Prof. Dr. Haydar Baş hocamızın ısrarla “Tevhidin Merkezi Ehl-i Beyt’tir” vurgusu yapması İslam dininin gerçek manada anlaşılması ve yaşanması için doğru yolun tarifi hükmündedir.
Yaşadığımız asırda, ağzı olan İslâm hakkında konuşmakta,
dinin ahkâmını kendi sığ akıllarının aldığı kadar bir anlayışa sığdırmaya
çalışmaktadır.
Doğru ölçülere olan ihtiyaç her geçen gün daha açıkça
meydana çıkmaktadır. Bu sebeple Ehl-i Beyt anlayışının öğrenilmesi ve yaşanması
zorunluluk haline gelmiştir.
Bu makalemizde Ehl-i Beyt’in tebliğ anlayışına değinelim
istedik. Sünni inancınca İslam’ın şartı beş iken Ehl-i Beyt için İslam’ın şartı
on olarak zikredilmiş, tebliğ anlamına gelen iyiliği emretmek kötülüğü
yasaklamak (Emr-i bi’l-maruf Nehy ani’l-münker) esaslar arasına konulmuştur.
Tebliğ denince, Hak uğruna mücadele denince, kıyam denince
İmam Hüseyin akla gelmektedir. Onun tebliğ uğruna kıyamı, Ehl-i Beyt’in tebliğe
verdiği önemi daha iyi anlamak açısından çok önemlidir.
Ehl-i Beyt anlayışında yanlışın görüldüğü her yere doğruluk
götürülür, onlar için Hakkı tebliğ varlık sebepleridir.

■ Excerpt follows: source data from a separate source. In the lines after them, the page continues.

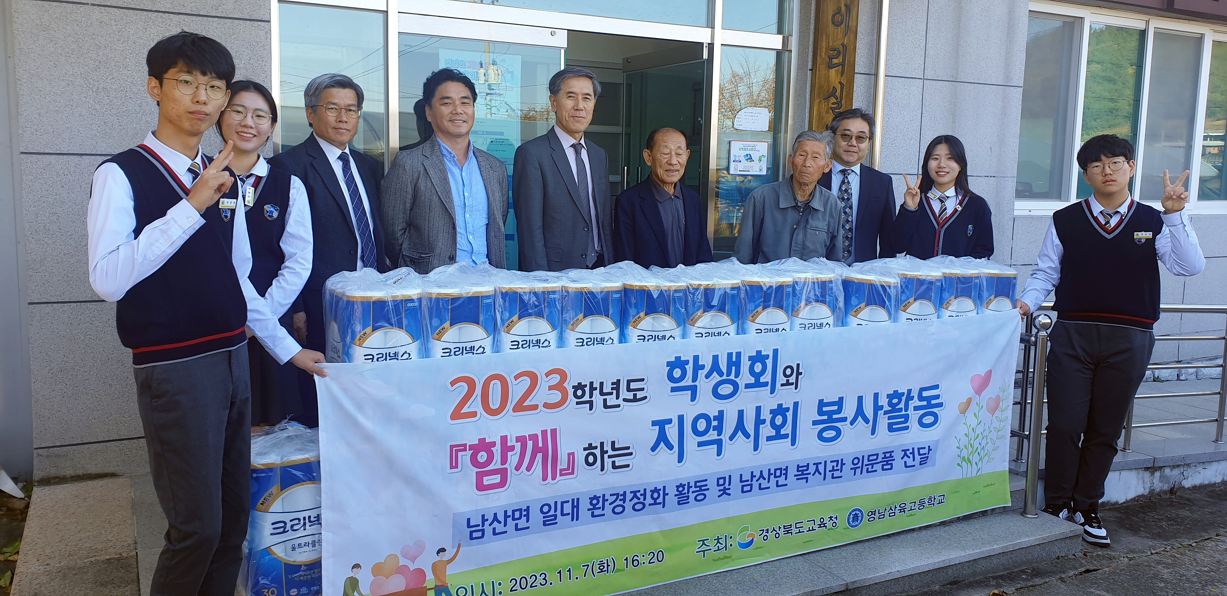 - 영남삼육고등학교는 지역사회와 함께하는 나눔을 지속적으로 실천해오고 있다. 이달 7일 학생자치회 임원 및 교직원은 ‘학생회와 함께하는 지역사회 봉사활동’의 일환으로 남산면 복지회관, 송내리 경로당, 조곡리 경로당을 방문하여 위문품을 전달하고 환경정화 활동을 진행했다.
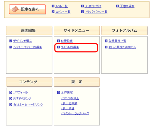 ・ サイドメニューの「タイトルの編集」をクリックします。
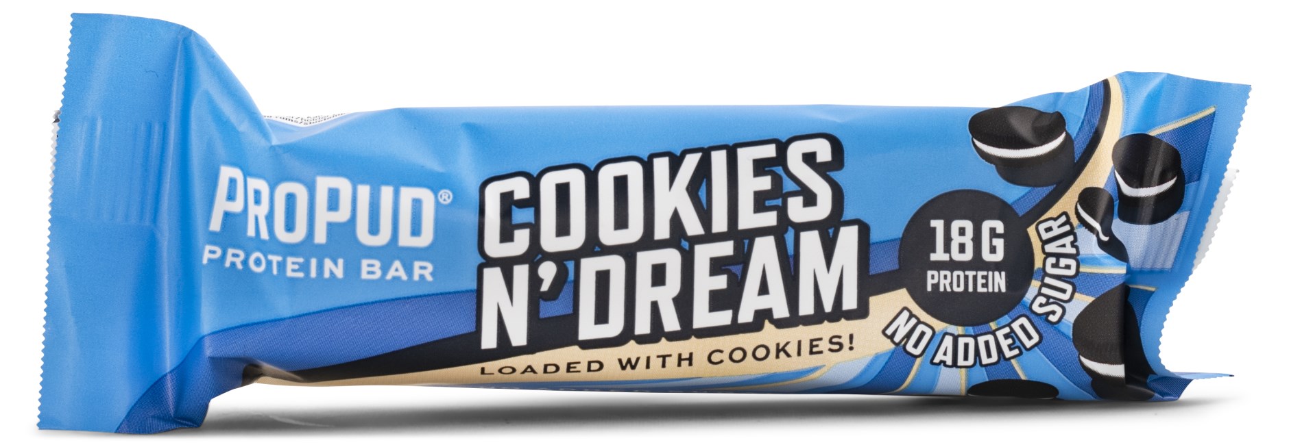 Propud Protein Bar är en utsökt proteinbar i flera otroligt goda smaker, ett måste för gourmeten som ständigt är på jakt efter protein. Propud Protein Bar är en proteinberikad bar på 55 gram, varav cirka 16-19 gram protein, och innehåller omkring 200 kalorier (beroende på smak). Lätt att ha med sig i väskan och smakar gott som ett proteinrikt mellanmål eller som återhämtning efter träning. ProPud Protein Bar innehåller mjölkprotein som huvudsaklig proteinkälla, och är fri från tillsatt socker. Välj mellan flera goda smaker, inspirerade av klassiska bakverk och desserter.
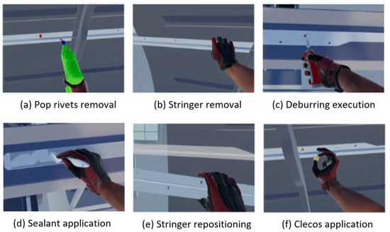 VR has been used for reproducing the working environment and simulating the task. The task reproduced is an aircraft fuselage panel assembly task and it consists of the application of sealant on a stringer. The task includes several operations to be completed, which involve the use of different tools. For privacy reasons, it is not possible to describe the operations in detail, but a general overview is given in Figure 1, where the main operations of the entire task are represented in the VR environment, and in Table A1 in Appendix A, where the errors made during the task are listed. It is worth noting that the task simulated is the reproduction of a real industrial task and it was not properly created for pursuing the objectives of this paper.
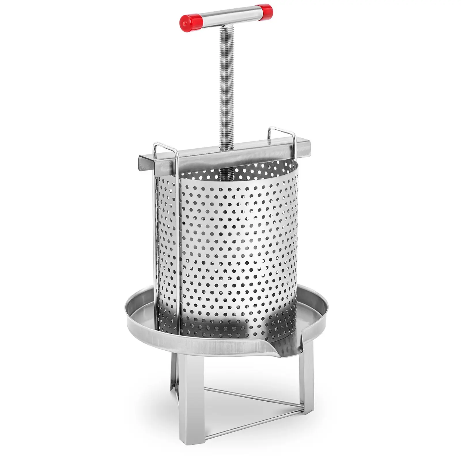 Wiesenfieldin vahapuristimen avulla keräät arvokkaan hunajan talteen viimeistä pisaraa myöten. Vankka malli erottaa hunajan aiemmin kuorituista kennoista käsikäyttöisesti. Voit käyttää tällaista hellävaraista kylmäpuristusta niin ammatti- kuin harrastuskäytössä. Tämä käsikäyttöinen vahapuristin sopii erityisen hyvin linkoamiseen sopimattomille kennoille. Lisäksi puristin soveltuu myös kiteytyneelle hunajalle. Jotta hunaja erottuu siististi vahasta, mehiläishoitoon tarkoitetun vahapuristimen toimitukseen sisältyy repeytymätön nylonverkko. Tällä keräät talteen vahajäämät samalla kun hunaja valuu 275 mm korkean astian aukoista. Malli on valmistettu vankasta ruostumattomasta teräksestä ja kestää optimaalisesti sekä mehiläishoidon korkeita hygieniavaatimuksia että raskasta puristuspainetta.

Kûfe halkının yolunu sapıtan halkı doğru yola iletmesi için
davet mektupları yollaması neticesinde, hiç vakit kaybetmeden yola koyulması ve
özellikle de Medine’den ayrılmadan yaptığı konuşma çok önemlidir.
“Bütün hamdler Allah'a mahsustur. Allah neyi dilerse o olur.
Kuvvet ve kudret ancak Allah'tandır. Allah'ın salât ve selamı O'nun Resûlü’ne
olsun.
Gerdanlık kızların boynuna yazıldığı gibi, ölüm de
insanoğlunun üzerine yazılmıştır.
Yakup’un Yusuf’u görmeyi arzu ettiği gibi, Ben de atalarımı
görmeyi arzu ediyorum. Bana varacağım bir katligâh tayin edilmiştir.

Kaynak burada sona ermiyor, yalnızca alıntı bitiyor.